> **What this task involves**
Each line below from the line with "Pink thread embroidered" to the line with "La calculatrice virtuelle" must be copied exactly, including those two, and no picture may appear in the copy.

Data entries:
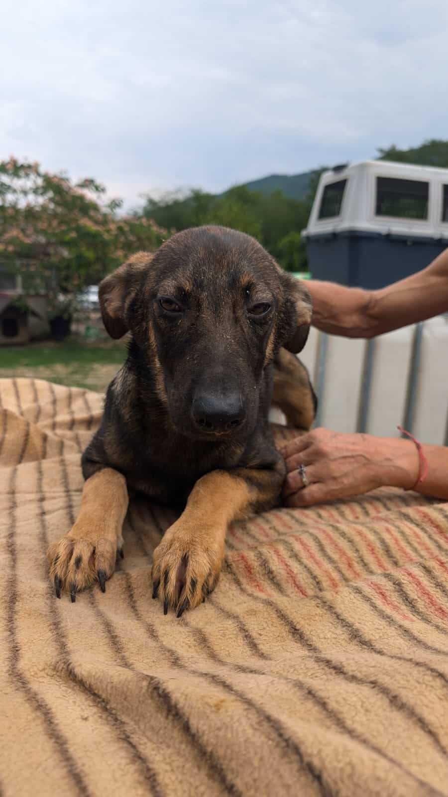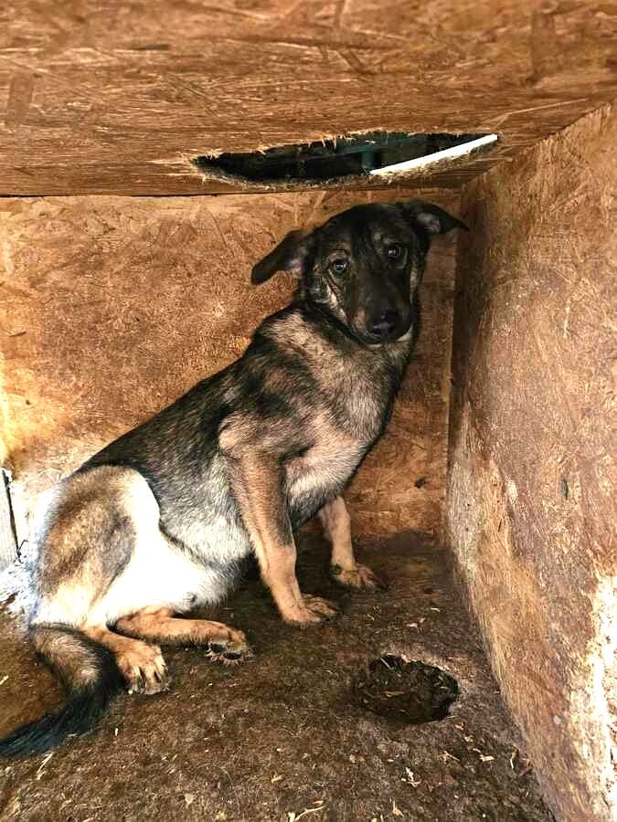 Unsicher liegt ANGUS auf seinem Hüttendach und beobachtet uns. Er weiß noch nicht so recht was er mit uns anfangen soll, deswegen bellt er erstmal. Nach kurzer Zeit lies er sich jedoch überall anfassen, konnte es aber noch nicht genießen. Er wünscht sich Menschen die seine Neugier erkennen und ihm Vertrauen schenken.
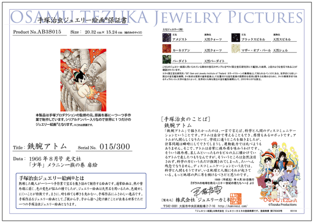 熟練した職人が一つ一つ手作業で宝石を敷き詰めていき、一つの絵画に仕上げます。そのため、世界でただ一つの手塚治虫ジュエリー絵画となります。・すべての製品には保証書が付きます。・株式会社手塚プロダクションが監修しています。・すべての製品には、世界限定のシリアルナンバーがつきます。
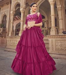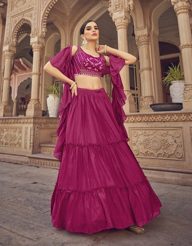 Pink thread embroidered with mirror work chinon semi stitched party wear lehenga choli
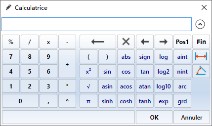 La calculatrice virtuelle s'affiche automatiquement dans le cadre de certaines fonctions, par exemple pour la rotation des éléments 3D. Elle peut être activée également à tout moment au moyen du menu contextuel d'un champ de saisie de valeur.
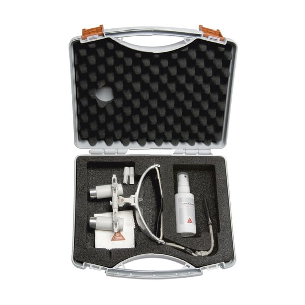 Împreună cu lupa sunt incluse oculare de protecție, 2 pârghii pivotante sterilizabile, curea de fixare, lichid de curățare, cârpă de curățare și geantă de transport. Aceste articole suplimentare oferă un set complet de accesorii de care ați putea avea nevoie atunci când utilizați lupa binoculară HEINE HRP.
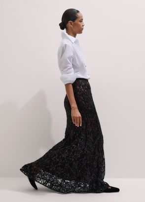 This is the Cadell Skirt. It's new for the season. Sitting mid-to-low rise, the easy ribbed fabric is shaped to a cool maxi length. Hook and eye closures decorate the front and create a gathered effect and a flattering drape. You can also adjust the closures to create a fit that works for you. It's a laidback look that goes from day to night with ease - pair with a boxy tee and leather jacket.
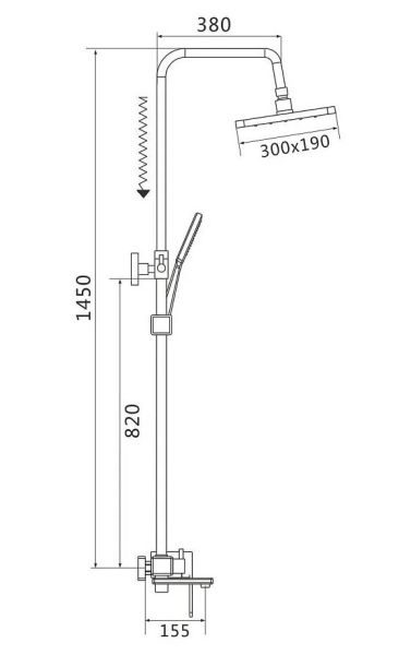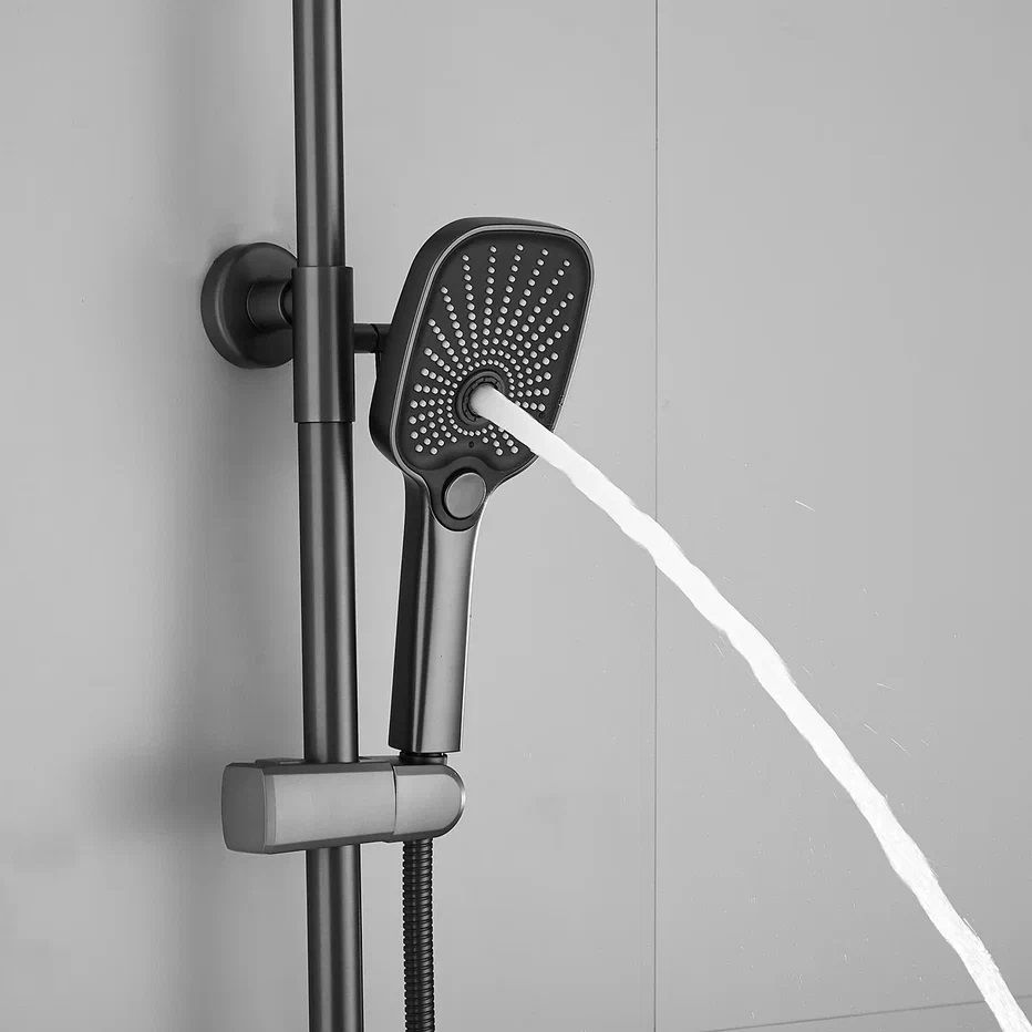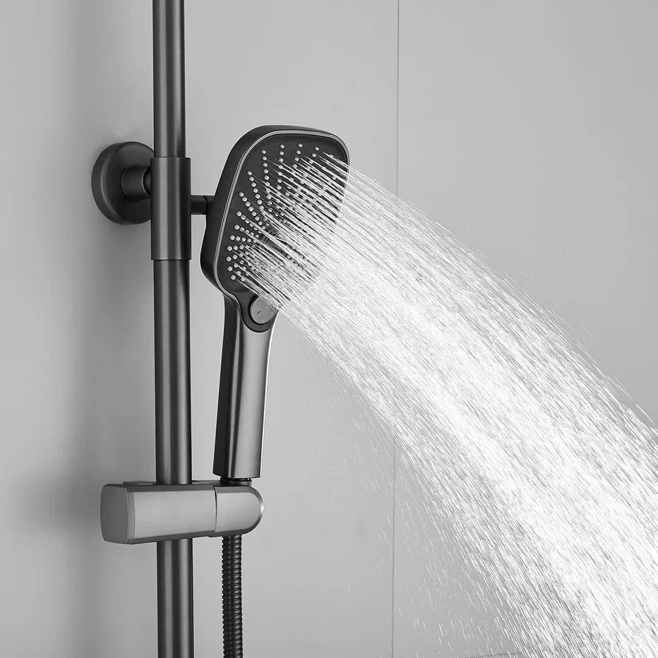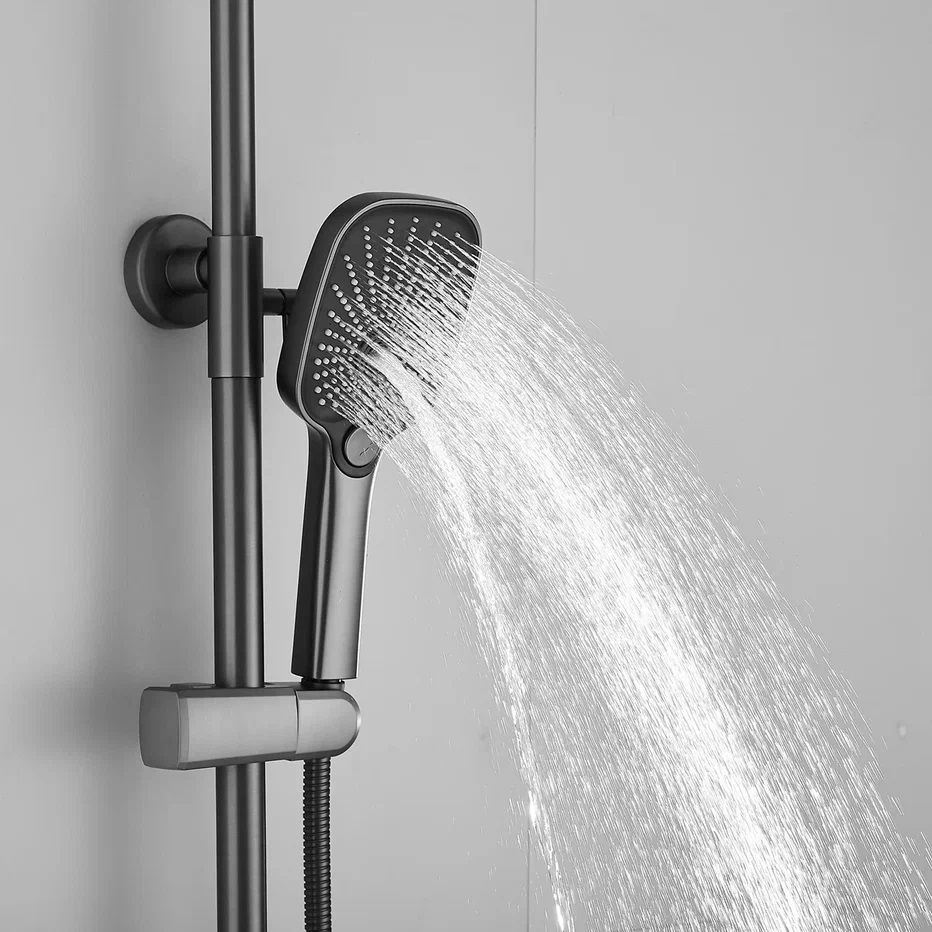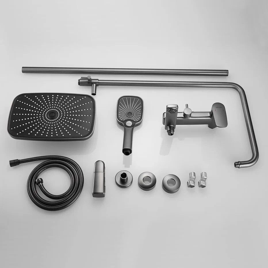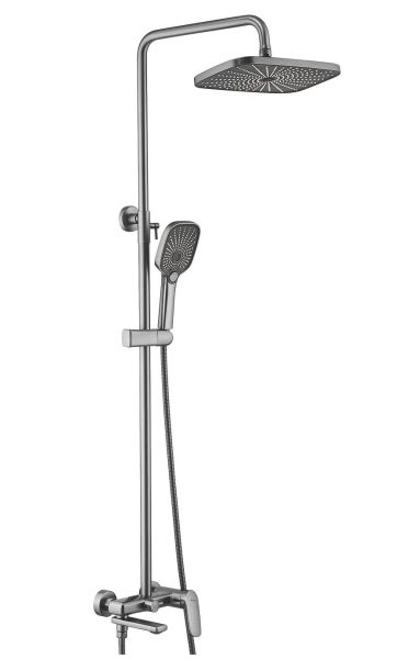 Душевая система Shevanik S8536T, оружейная сталь.Количество режимов струи: 3.Размер верхнего душа: 30x19 см.Управление: рычажное.Излив для наполнения ванны: да.

> **Written answer**
 Pink thread embroidered with mirror work chinon semi stitched party wear lehenga choli
 La calculatrice virtuelle s'affiche automatiquement dans le cadre de certaines fonctions, par exemple pour la rotation des éléments 3D. Elle peut être activée également à tout moment au moyen du menu contextuel d'un champ de saisie de valeur.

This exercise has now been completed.